Problem to solve: The copy has to match the data exactly and leave out every picture.

[Records provided]

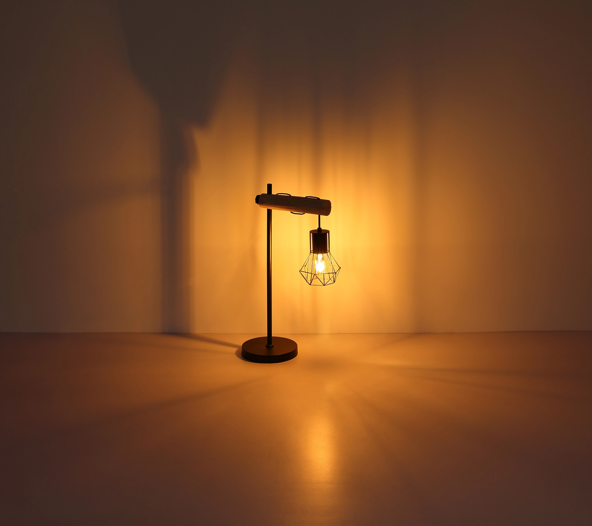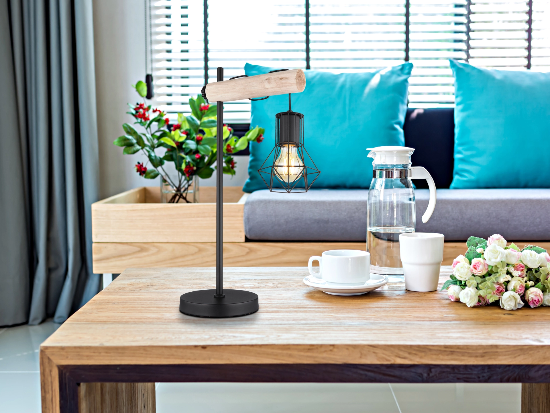 This great table lamp inspires with beautiful design. From a round base protrudes a 55 cm long black metal rod ... Read more Read more
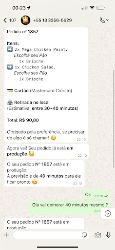 Read moreAcabo de ter uma péssima experiência com essa unidade. Primeira vez que faço o pedido, fiz pelo ifood. Ultrapassou o horário de entrega e ao tentar entrar em contato com o ifood, tive meu pedido cancelado. Tentei entrar em contato com a empresa pelo Instagram, não foi possível, logo após achei o WhatsApp e fui direcionada pra um robô, que depois me direcionou para um atendente. Tive um péssimo atendimento pelo WhatsApp, além de não ter tido minha pergunta respondida, mesmo após ter perguntado duas vezes, sobre um novo horário de entrega. Quando o motoboy chegou, precisei pagar de novo e ao ver a embalagem, cheia de óleo. O frango? Sem sal, óleo em excesso. Infelizmente uma péssima e estressante experiência que conseguiu...
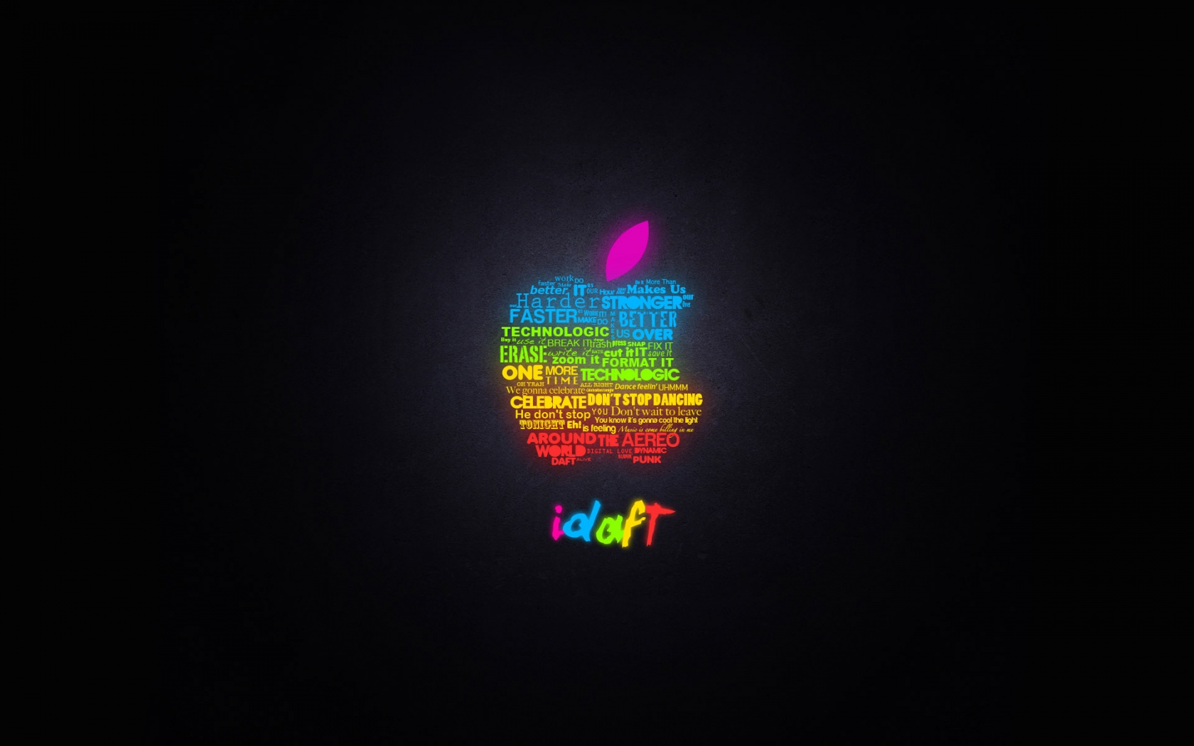 Description: A colorful apple logo is shown in the dark with the word'apple'written in it's letters.
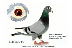 Um dos pombos base da colónia Avô da anilha de ouro distrital de 2007 Pai do 5º melhor pombo de meio-fundo de 2006 Cheguei a ter cerca de 70 filhos, netos e bisnetos a voar
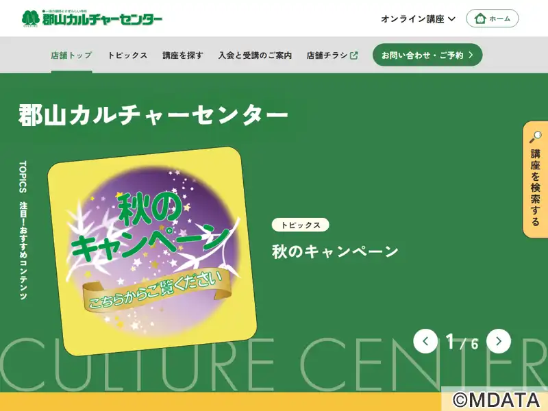 郡山市のイトーヨーカドー郡山店4Fにある、株式会社カルチャー運営のカルチャーセンター。「一流の講師とすばらしい仲間」をモットーに、子どもからシニアの方まで楽しめる幅広いコースを揃える。音楽講座はピアノ・電子オルガン、ギター、ウクレレ、ハーモニカ、オカリナ、二胡、三味線・三線、シャンソン・カンツォーネ、コーラス・愛唱歌、ポピュラー・ジャズ、ボイストレーニング、カラオケ、民謡、和楽器・篠笛・太鼓を開講。

[/Records provided]

Result of the exercise:
 This great table lamp inspires with beautiful design. From a round base protrudes a 55 cm long black metal rod ... Read more Read more
 Read moreAcabo de ter uma péssima experiência com essa unidade. Primeira vez que faço o pedido, fiz pelo ifood. Ultrapassou o horário de entrega e ao tentar entrar em contato com o ifood, tive meu pedido cancelado. Tentei entrar em contato com a empresa pelo Instagram, não foi possível, logo após achei o WhatsApp e fui direcionada pra um robô, que depois me direcionou para um atendente. Tive um péssimo atendimento pelo WhatsApp, além de não ter tido minha pergunta respondida, mesmo após ter perguntado duas vezes, sobre um novo horário de entrega. Quando o motoboy chegou, precisei pagar de novo e ao ver a embalagem, cheia de óleo. O frango? Sem sal, óleo em excesso. Infelizmente uma péssima e estressante experiência que conseguiu...
 Description: A colorful apple logo is shown in the dark with the word'apple'written in it's letters.
 Um dos pombos base da colónia Avô da anilha de ouro distrital de 2007 Pai do 5º melhor pombo de meio-fundo de 2006 Cheguei a ter cerca de 70 filhos, netos e bisnetos a voar
 郡山市のイトーヨーカドー郡山店4Fにある、株式会社カルチャー運営のカルチャーセンター。「一流の講師とすばらしい仲間」をモットーに、子どもからシニアの方まで楽しめる幅広いコースを揃える。音楽講座はピアノ・電子オルガン、ギター、ウクレレ、ハーモニカ、オカリナ、二胡、三味線・三線、シャンソン・カンツォーネ、コーラス・愛唱歌、ポピュラー・ジャズ、ボイストレーニング、カラオケ、民謡、和楽器・篠笛・太鼓を開講。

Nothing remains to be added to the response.